**Study material:**
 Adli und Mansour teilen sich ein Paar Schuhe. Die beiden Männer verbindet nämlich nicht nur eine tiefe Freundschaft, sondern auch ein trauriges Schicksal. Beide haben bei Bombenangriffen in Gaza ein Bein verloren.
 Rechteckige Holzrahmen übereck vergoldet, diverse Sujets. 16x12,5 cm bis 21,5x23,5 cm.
==
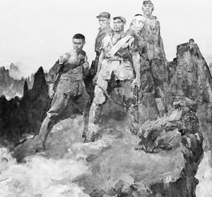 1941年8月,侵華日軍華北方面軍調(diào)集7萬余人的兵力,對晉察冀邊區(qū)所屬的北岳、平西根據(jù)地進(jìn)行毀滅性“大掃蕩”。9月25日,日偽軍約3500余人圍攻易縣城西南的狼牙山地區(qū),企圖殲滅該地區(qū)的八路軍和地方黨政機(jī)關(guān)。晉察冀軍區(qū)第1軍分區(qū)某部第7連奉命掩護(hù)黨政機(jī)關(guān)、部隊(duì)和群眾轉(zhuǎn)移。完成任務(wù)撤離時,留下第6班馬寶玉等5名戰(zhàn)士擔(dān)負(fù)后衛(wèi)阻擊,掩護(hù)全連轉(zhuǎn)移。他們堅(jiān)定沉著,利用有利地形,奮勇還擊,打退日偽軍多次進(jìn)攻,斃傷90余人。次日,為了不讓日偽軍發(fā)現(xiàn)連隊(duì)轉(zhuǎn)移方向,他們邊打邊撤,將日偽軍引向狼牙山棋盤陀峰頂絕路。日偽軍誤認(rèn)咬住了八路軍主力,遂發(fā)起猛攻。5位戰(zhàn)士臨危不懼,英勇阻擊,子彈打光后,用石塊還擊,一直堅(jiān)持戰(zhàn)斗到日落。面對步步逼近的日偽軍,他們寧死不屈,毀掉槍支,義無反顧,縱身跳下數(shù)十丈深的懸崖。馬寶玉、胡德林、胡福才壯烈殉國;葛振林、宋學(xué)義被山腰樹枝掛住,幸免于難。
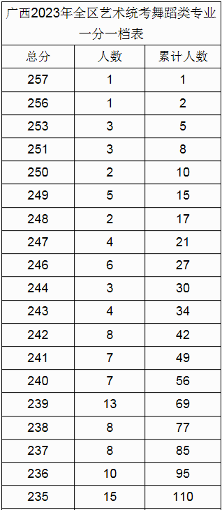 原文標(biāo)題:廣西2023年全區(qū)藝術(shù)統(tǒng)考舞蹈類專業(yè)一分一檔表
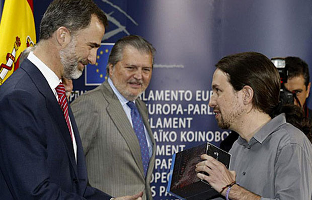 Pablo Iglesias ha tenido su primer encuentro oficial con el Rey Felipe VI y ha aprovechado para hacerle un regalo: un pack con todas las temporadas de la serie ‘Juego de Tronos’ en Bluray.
* * *
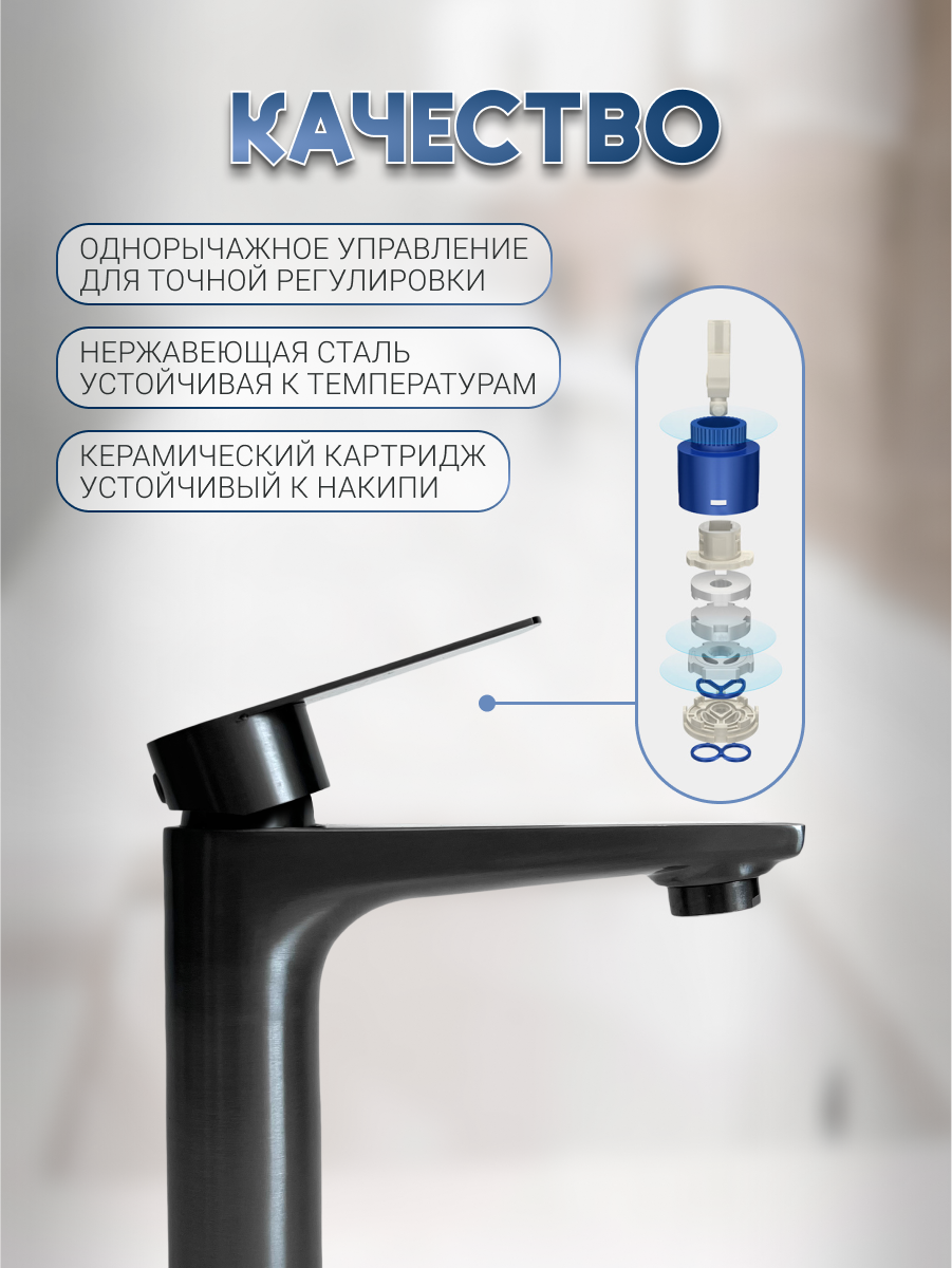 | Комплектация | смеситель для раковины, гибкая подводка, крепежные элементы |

**Problem statement:** Retype the records above, but only those lines that fall between the line containing "Adli und Mansour" and the line containing "Rechteckige Holzrahmen übereck", with both of those lines included, exactly as written.

**Task solution:**
 Adli und Mansour teilen sich ein Paar Schuhe. Die beiden Männer verbindet nämlich nicht nur eine tiefe Freundschaft, sondern auch ein trauriges Schicksal. Beide haben bei Bombenangriffen in Gaza ein Bein verloren.
 Rechteckige Holzrahmen übereck vergoldet, diverse Sujets. 16x12,5 cm bis 21,5x23,5 cm.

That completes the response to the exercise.